In 1943, the quantum physicist Erwin Schrödinger stood up in Trinity College Dublin and delivered what might be described as the biggest scientific disappointment of the century. His work on quantum mechanics, which so beautifully explained the nature of matter, failed to explain the material workings of a cell. We are made from nothing more than the elements in the Periodic Table, and this leads to the most fundamental question in science; “How do elements change into living things, and ultimately, us?”
As Abbott, Davis, Pati write in Quantum Aspects of Life, “To be sure, quantum mechanics is indispensable for explaining the shapes, sizes and chemical affinities of biological molecules. From the point of view of fundamental physics however, life remains deeply mysterious. Life still seems an almost magical state of matter; furthermore, its origins from non-living chemicals is not understood at all.” (Imperial College Press, 2008)
Our proposition is that the mystery is not so mysterious after all. The problem is a systemic misinterpretation of reality. It lies not in the verified findings of generations of brilliant scientists, but in Western scientific dogma and tradition. It lies in the traditional scientific perspective, that the universe works according to the laws of cause and effect, and that there must always be an underlying physical cause of every action. Western scientific tradition dictates that the laws of physics must underpin everything we observe.
It is our interpretation of the data that has prevented us from being able to describe ‘life’ scientifically. We have good mathematical models for the chaotic, complex and self-organizing behavior of matter, but the models have nothing to do with the fundamental laws of physics. This is true at the atomic and gravitational scales, and we have not connected the two, because they are studied in different university departments.

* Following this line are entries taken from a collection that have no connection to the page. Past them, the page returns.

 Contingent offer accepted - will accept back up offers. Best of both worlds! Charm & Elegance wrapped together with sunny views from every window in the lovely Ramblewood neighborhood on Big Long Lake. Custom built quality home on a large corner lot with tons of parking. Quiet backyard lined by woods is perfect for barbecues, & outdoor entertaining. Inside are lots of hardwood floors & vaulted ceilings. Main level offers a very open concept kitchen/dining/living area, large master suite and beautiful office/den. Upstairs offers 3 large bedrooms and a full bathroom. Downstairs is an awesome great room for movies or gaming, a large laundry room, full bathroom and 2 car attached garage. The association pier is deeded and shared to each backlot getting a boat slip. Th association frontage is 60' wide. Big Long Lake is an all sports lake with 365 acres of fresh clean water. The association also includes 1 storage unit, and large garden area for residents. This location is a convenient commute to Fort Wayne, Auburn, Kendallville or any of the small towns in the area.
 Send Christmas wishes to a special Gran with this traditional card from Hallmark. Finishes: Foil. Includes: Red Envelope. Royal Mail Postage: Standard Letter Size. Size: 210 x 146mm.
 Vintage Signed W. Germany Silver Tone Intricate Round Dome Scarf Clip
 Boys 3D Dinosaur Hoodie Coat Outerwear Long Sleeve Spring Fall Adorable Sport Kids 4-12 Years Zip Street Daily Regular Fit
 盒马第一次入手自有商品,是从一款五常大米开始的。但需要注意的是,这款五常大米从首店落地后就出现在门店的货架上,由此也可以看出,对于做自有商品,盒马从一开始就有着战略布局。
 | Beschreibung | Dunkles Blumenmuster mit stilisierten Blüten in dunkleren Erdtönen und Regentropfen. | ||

In 1687, Newton found that the predictable laws of physics only worked for two bodies in space. Worse still, in 1887 Poincaré wrote a mathematical proof showing there are no equations which could predict the motions of three equal size bodies in space. In his theory of General Relativity from 1916, Einstein asks us to see distortions of space as the reason the Earth moves around the Sun, where bodies in space are ‘forced’ to follow mathematical curves, and only collide if the curves meet: there is no ‘physical’ attraction. Likewise, magnetic and electrical fields have no physical part. As physicists Julian Schwinger and Michael Faraday have pointed out, fields are a property of space – and space has no physical structure, only mathematical properties.

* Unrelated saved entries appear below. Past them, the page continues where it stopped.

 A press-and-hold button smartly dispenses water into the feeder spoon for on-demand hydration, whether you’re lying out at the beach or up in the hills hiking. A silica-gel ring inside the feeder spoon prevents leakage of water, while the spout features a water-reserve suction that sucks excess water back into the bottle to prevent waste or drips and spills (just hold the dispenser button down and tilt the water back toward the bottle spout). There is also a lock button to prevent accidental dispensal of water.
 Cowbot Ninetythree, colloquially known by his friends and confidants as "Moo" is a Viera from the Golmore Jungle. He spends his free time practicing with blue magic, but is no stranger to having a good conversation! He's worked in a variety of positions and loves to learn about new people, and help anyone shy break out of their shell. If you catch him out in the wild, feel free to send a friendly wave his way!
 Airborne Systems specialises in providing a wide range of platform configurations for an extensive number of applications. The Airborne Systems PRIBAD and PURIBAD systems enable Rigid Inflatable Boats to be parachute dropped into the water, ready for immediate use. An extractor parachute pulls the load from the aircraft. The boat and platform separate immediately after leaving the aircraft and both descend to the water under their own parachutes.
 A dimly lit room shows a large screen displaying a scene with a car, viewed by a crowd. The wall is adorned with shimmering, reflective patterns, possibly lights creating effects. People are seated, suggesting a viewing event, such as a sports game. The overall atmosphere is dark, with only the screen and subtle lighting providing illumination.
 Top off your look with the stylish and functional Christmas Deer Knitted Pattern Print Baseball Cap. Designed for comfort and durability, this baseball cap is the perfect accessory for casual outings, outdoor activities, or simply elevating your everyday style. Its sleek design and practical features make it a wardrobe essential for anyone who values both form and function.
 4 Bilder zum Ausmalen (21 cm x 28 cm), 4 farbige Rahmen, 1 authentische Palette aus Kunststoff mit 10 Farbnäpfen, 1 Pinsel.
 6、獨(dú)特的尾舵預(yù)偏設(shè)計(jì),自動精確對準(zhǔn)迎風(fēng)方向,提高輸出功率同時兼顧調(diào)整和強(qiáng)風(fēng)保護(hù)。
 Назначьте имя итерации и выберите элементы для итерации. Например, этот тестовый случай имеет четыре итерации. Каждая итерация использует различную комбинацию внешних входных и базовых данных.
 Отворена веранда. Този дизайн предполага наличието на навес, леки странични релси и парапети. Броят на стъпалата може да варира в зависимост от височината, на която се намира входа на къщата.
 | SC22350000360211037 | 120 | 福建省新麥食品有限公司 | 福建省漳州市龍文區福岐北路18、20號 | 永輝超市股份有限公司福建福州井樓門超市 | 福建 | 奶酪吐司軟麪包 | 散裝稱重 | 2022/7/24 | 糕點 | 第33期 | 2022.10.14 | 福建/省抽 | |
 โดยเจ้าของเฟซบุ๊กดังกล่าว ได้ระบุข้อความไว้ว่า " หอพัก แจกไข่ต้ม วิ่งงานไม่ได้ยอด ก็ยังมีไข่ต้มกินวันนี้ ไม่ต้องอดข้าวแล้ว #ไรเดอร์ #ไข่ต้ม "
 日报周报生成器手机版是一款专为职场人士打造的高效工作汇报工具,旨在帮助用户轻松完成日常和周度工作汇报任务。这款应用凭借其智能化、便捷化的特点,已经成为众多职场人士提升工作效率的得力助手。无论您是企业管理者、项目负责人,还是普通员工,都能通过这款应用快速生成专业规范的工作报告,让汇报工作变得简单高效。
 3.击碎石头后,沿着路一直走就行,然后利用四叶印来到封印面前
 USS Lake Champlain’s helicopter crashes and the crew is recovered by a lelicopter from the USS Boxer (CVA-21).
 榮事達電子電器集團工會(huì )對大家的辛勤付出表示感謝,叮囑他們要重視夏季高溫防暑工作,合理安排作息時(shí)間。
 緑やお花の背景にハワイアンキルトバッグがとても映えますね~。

Simple actions in nature can be described by the mathematics of traditional physics; and complex actions, of the same physical components, can be described by the mathematics of chaos and complexity. Mathematics is the only realm of science which is self consistent and describes everything. The axioms in Euclid’s Elements are as true today as when they were written 2300 years ago. Mathematical Proofs are absolute, and Poincare’s proof that there are no equations from physics to predict the motion of three bodies in space, means that the fundamental laws of physics can never be used to explain the chaotic, complex or self-organizing behavior of matter in the Solar System.